PROBLEM = What are the lines below, starting at the line containing "9月12日下午,由科学技术处" and ending at the line containing "Puurunkoinen sänky kiinteällä"? Write them out exactly, ends included, without pictures.
--
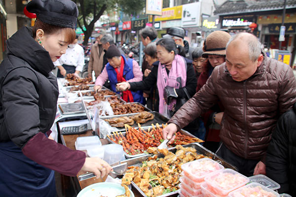 The meats are lifted from the pot and drained, then cooled and sold. [Photo provided to China Daily] |
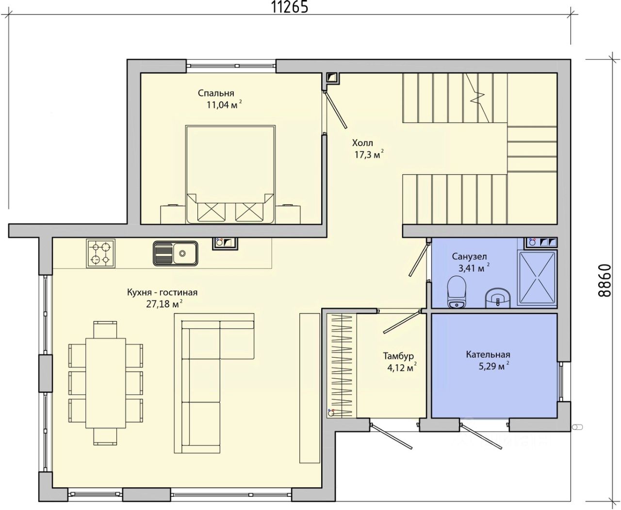 11 на 10 метров, площадью 158,6 м2 с 4 спальнями, террасой и котельной в обжитом поселке бизнес-класса Берег Песочной по Новой Риге, на участке ИЖС 5,9 соток. Заведены все коммуникации, дом полностью готов для работ по внутренней отделке. Наружные стены коттеджа из трехслойных железобетонных панелей БЭНПАН Премиум толщиной 270 мм и БЭНПАН с встроенной теплоизоляцией. Внутренние перегородки - БЭНПАН 100 мм. Высота стен 3,05 метра. Внешняя отделка фасада покраска и штукатурка.
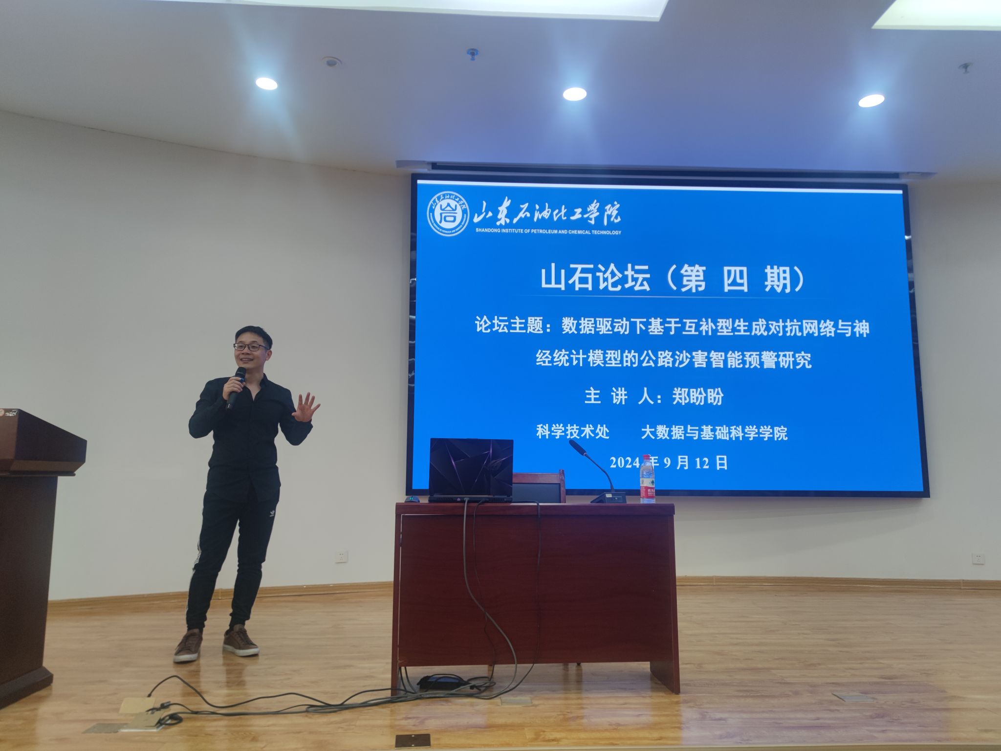 9月12日下午,由科学技术处主办,学院承办的第四期“山石论坛”成功举行。论坛邀请新疆大学异常检测领域专家郑盼盼教授作了题为《数据驱动下基于互补型生成对抗网络与神经统计模型的公路沙害智能预警研究》的专题报告,论坛由学院副院长崔健主持,部分师生代表参加了本次活动。
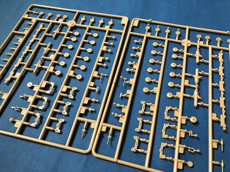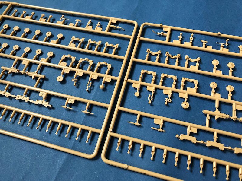 Der Ätzteilebogen enthält sinnvolle Teile, die zur Aufwertung des Modelles eingesetzt werden können. Eine Besonderheit dabei ist die Tatsache, dass der Messingbogen aus ehr dickerem Material gefertigt ist und die Teile damit eine erhöhte Stabilität aufweisen. Ebenso hat man hier beschlossen den Bogen auf beiden Seiten mit einer Klarsichtfolie zu schützen, was mir bei extrem dünnen Bögen eher missfallen hat, da man beim Abziehen der Folie kleinste Teile oft beschädigt. Dies kann hier sicherlich nicht passieren.
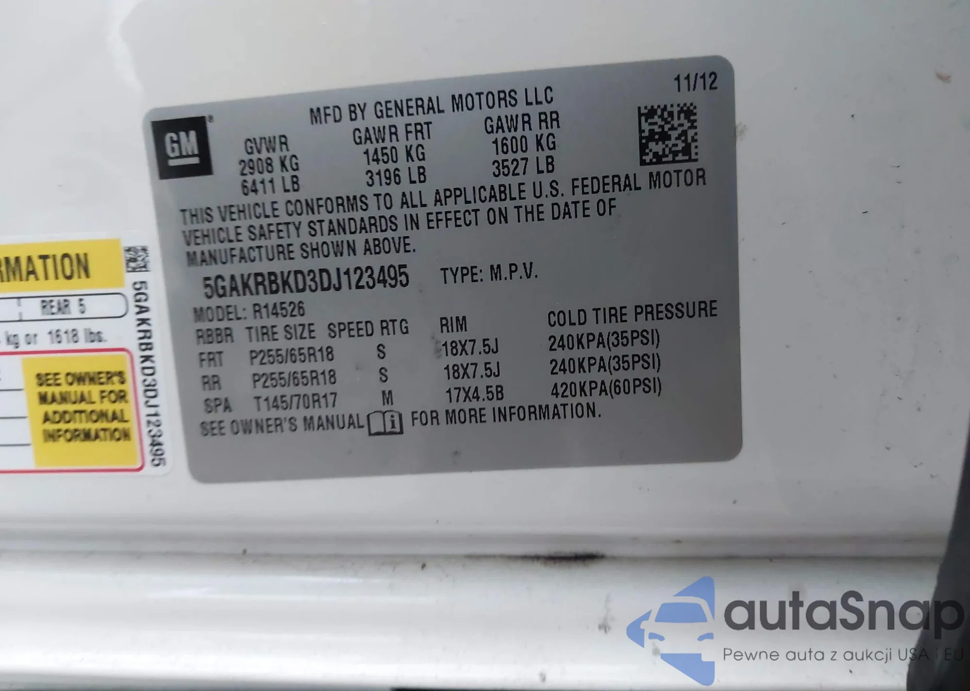 LOT: 43748727 VIN: 5GAKRBKD3DJ123495
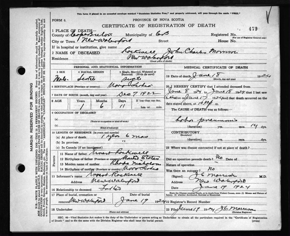 Death Registration: Year: 1924 file: 79 number: 479
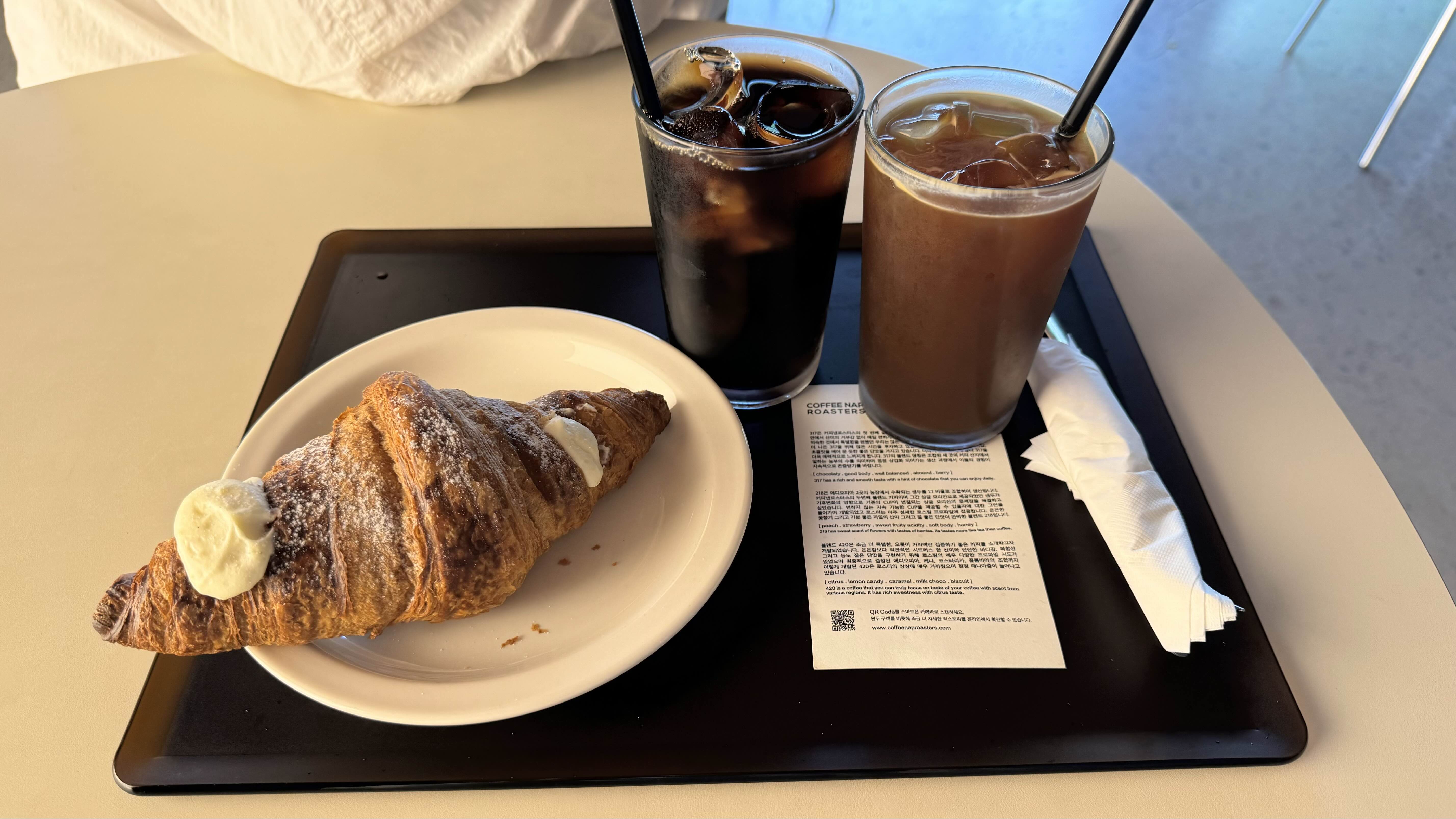 크림 크로와상이랑 커피 두 잔을 시켰습니다.
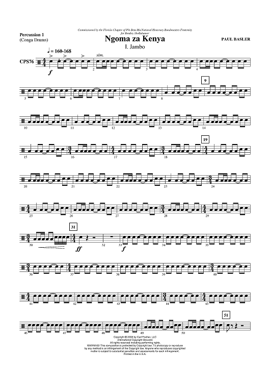 "Ngoma za Kenya - Percussion 1" Sheet Music by Paul Basler
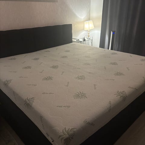 Puurunkoinen sänky kiinteällä sängynpäädyllä (korkeus n. 120cm). Joustinpatkat ja wellpur petauspatja. Sänky ostettu Koti-silistä ja petari Jyskistä. Nouto Kuopion keskustasta.
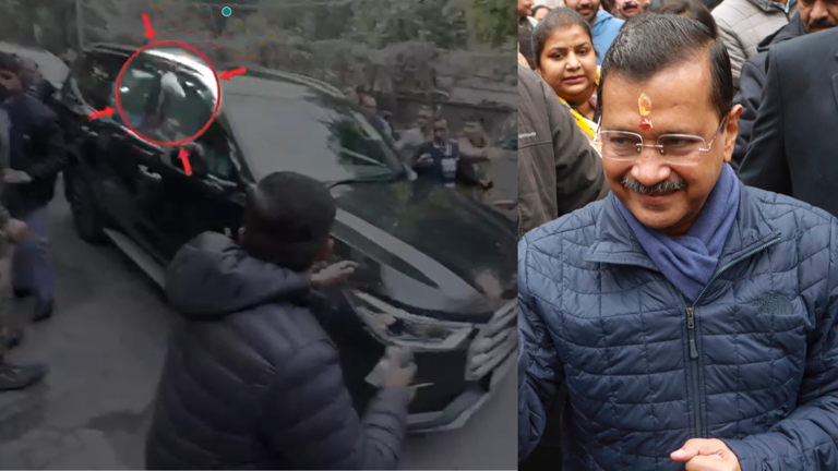 New Delhi, 19th Jan. In a high-voltage political clash ahead of the February 5 Delhi Assembly elections, Aam Aadmi Party (AAP) leader and Chief Minister Arvind Kejriwal’s car was allegedly attacked by “goons of the BJP” during campaigning in the New Delhi Assembly constituency on Saturday. The incident has sparked a war of words between the AAP and the BJP, with both parties hurling accusations at each other.
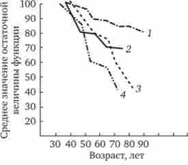 Мал. 8.32. Вікові зміни деяких життєво важливих функцій людини.
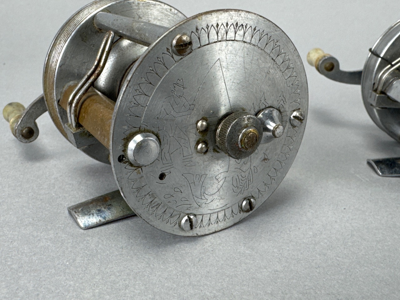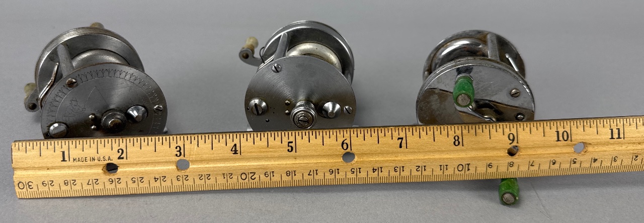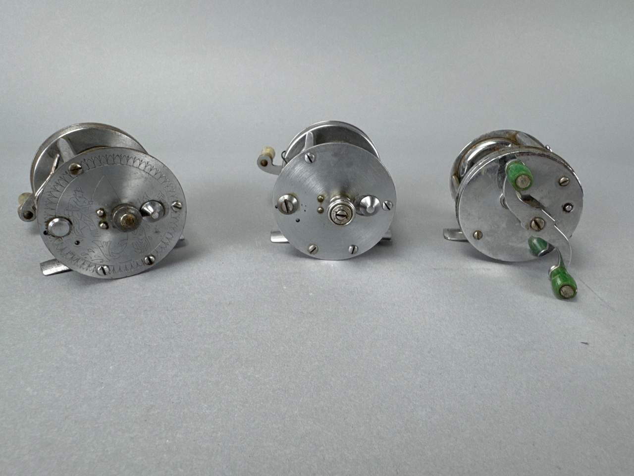 Group of Three Vintage Fishing Reels with Distinct Marks
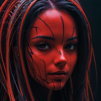 a black base, adorned with cracks and splatters of the same red and black colors, giving it a damaged or superhero-inspired look. The image is highly detailed and seems to be a piece of digital artwork that showcases a creative fusion of realistic human features with fantastical elements, evoking
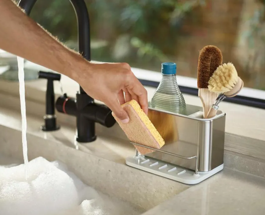 Für Ordnung und System beim Abwaschen sorgt der Spülbecken-Organizer Surface von Joseph Joseph. Er zeichnet sich durch eine hochwertige Verarbeitung und ein trendiges Design aus. Dank separater Fächer für Schwämme, Bürsten und Spülmittelflasche eignet sich der Spülbecken-Organizer Surface ideal, um beim Spülen alle Utensilien griffbereit und ordentlich zur Hand zu haben.
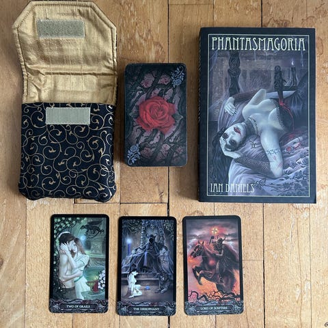 The Gothic Tarot kortsæt med guidebog. Sættet indeholder tarotkort med gotiske illustrationer samt en ledsagende bog. Flotte kort med vampyrer, spøgelser og andre overnaturlige væsener. Send gerne besked hvis du vil se andre kort.
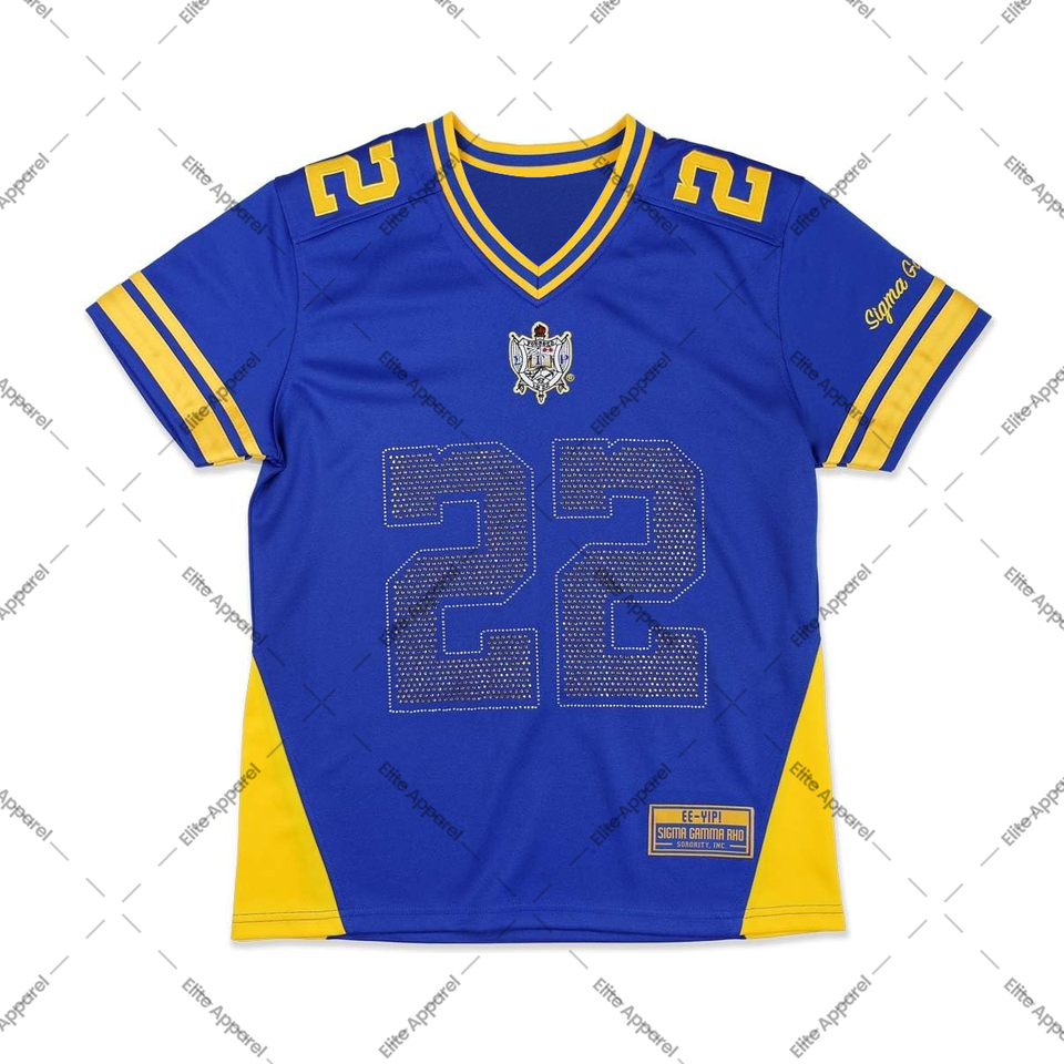Sigma Gamma Rho-Maillot de football personnalisé pour femme avec strass-Sparkling Greek Sorority Spirit Wear Chemise en maille solide pour l'été
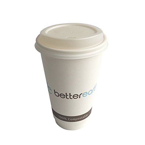 Better Earth BE-DWHC16PLA 16oz Double Wall Compostable Hot Cup, Lid not included - see part number BE-L1024PLA, 8" Height x 4" Width x 3" Depth, White, 25 Packs of 20 (Pack of 500)
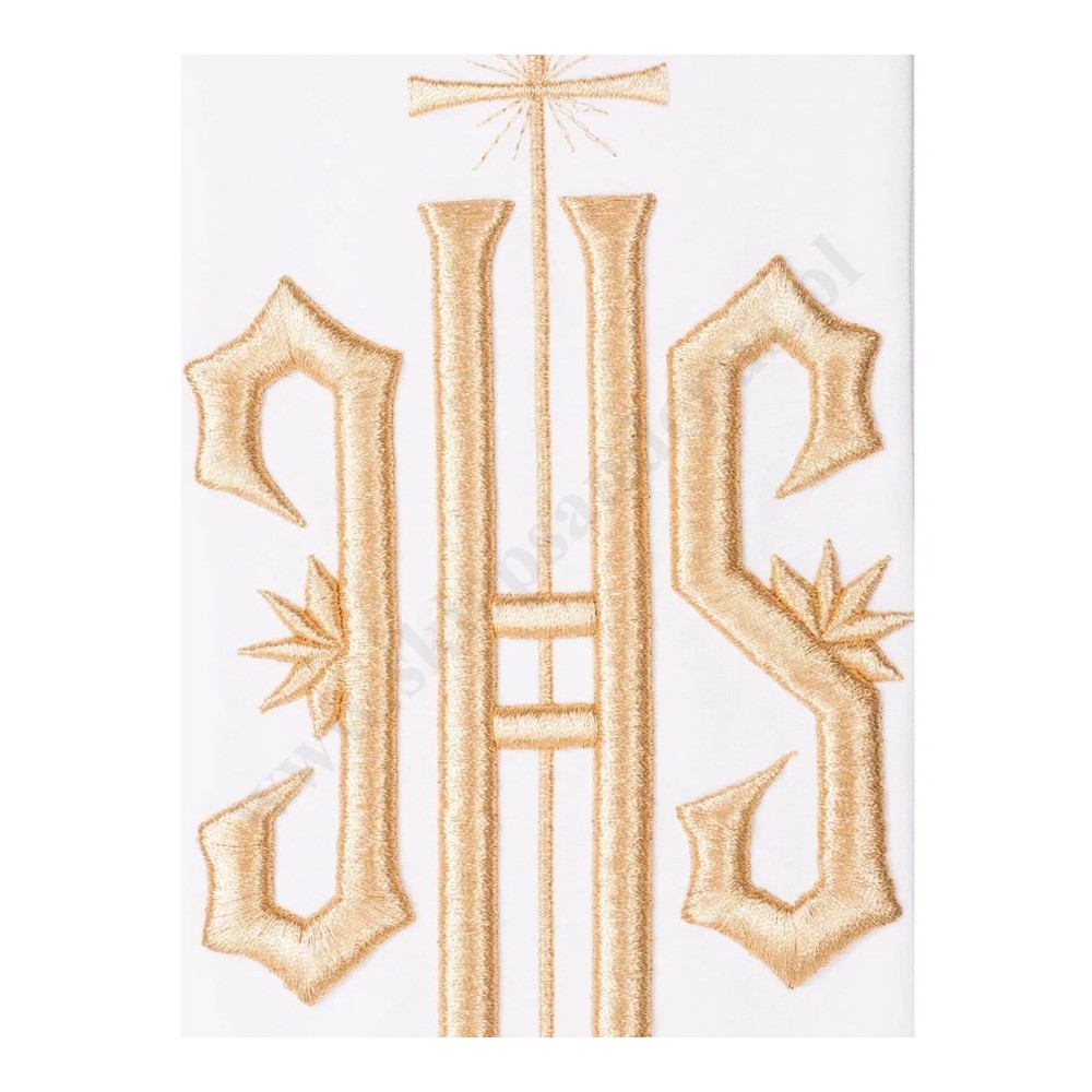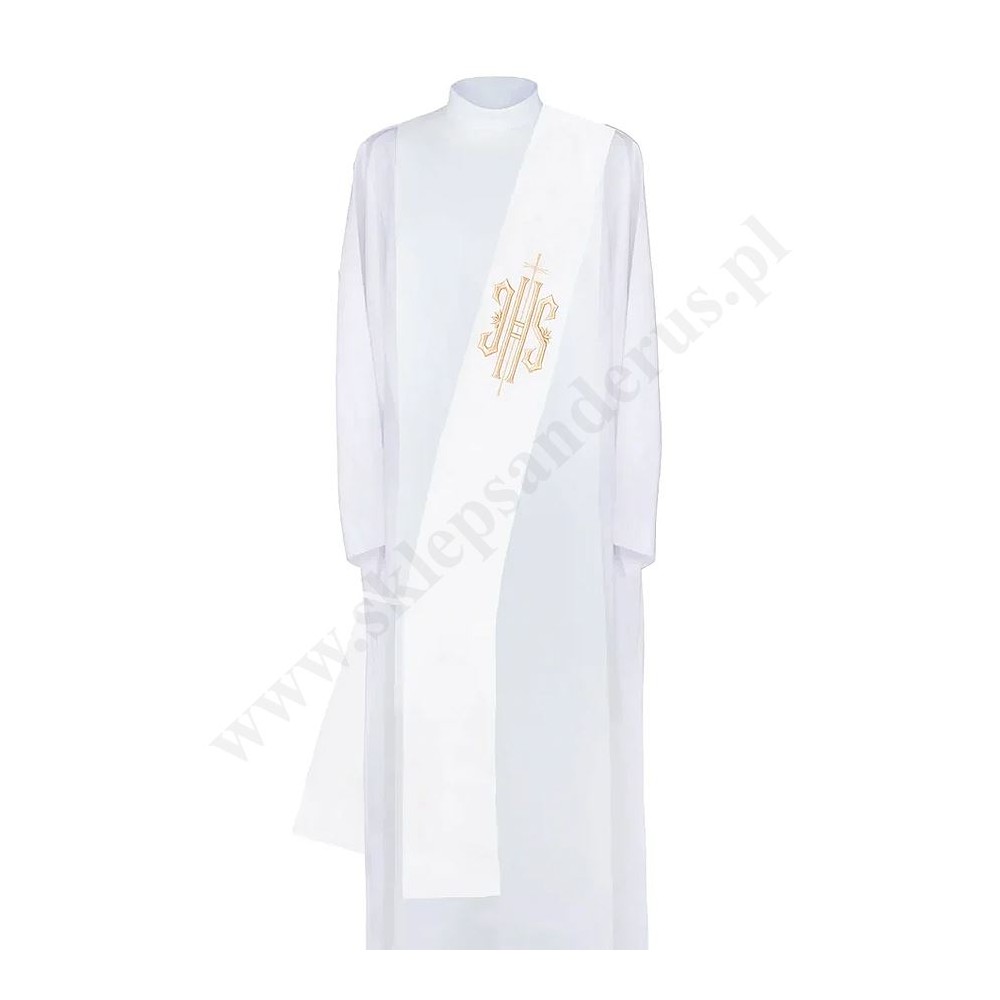 Stuła diakońska wykonana z wysokiej jakości tkaniny z symbolem IHS i małym krzyżem.
--
RESPONSE AREA =
 9月12日下午,由科学技术处主办,学院承办的第四期“山石论坛”成功举行。论坛邀请新疆大学异常检测领域专家郑盼盼教授作了题为《数据驱动下基于互补型生成对抗网络与神经统计模型的公路沙害智能预警研究》的专题报告,论坛由学院副院长崔健主持,部分师生代表参加了本次活动。
 Der Ätzteilebogen enthält sinnvolle Teile, die zur Aufwertung des Modelles eingesetzt werden können. Eine Besonderheit dabei ist die Tatsache, dass der Messingbogen aus ehr dickerem Material gefertigt ist und die Teile damit eine erhöhte Stabilität aufweisen. Ebenso hat man hier beschlossen den Bogen auf beiden Seiten mit einer Klarsichtfolie zu schützen, was mir bei extrem dünnen Bögen eher missfallen hat, da man beim Abziehen der Folie kleinste Teile oft beschädigt. Dies kann hier sicherlich nicht passieren.
 LOT: 43748727 VIN: 5GAKRBKD3DJ123495
 Death Registration: Year: 1924 file: 79 number: 479
 크림 크로와상이랑 커피 두 잔을 시켰습니다.
 "Ngoma za Kenya - Percussion 1" Sheet Music by Paul Basler
 Puurunkoinen sänky kiinteällä sängynpäädyllä (korkeus n. 120cm). Joustinpatkat ja wellpur petauspatja. Sänky ostettu Koti-silistä ja petari Jyskistä. Nouto Kuopion keskustasta.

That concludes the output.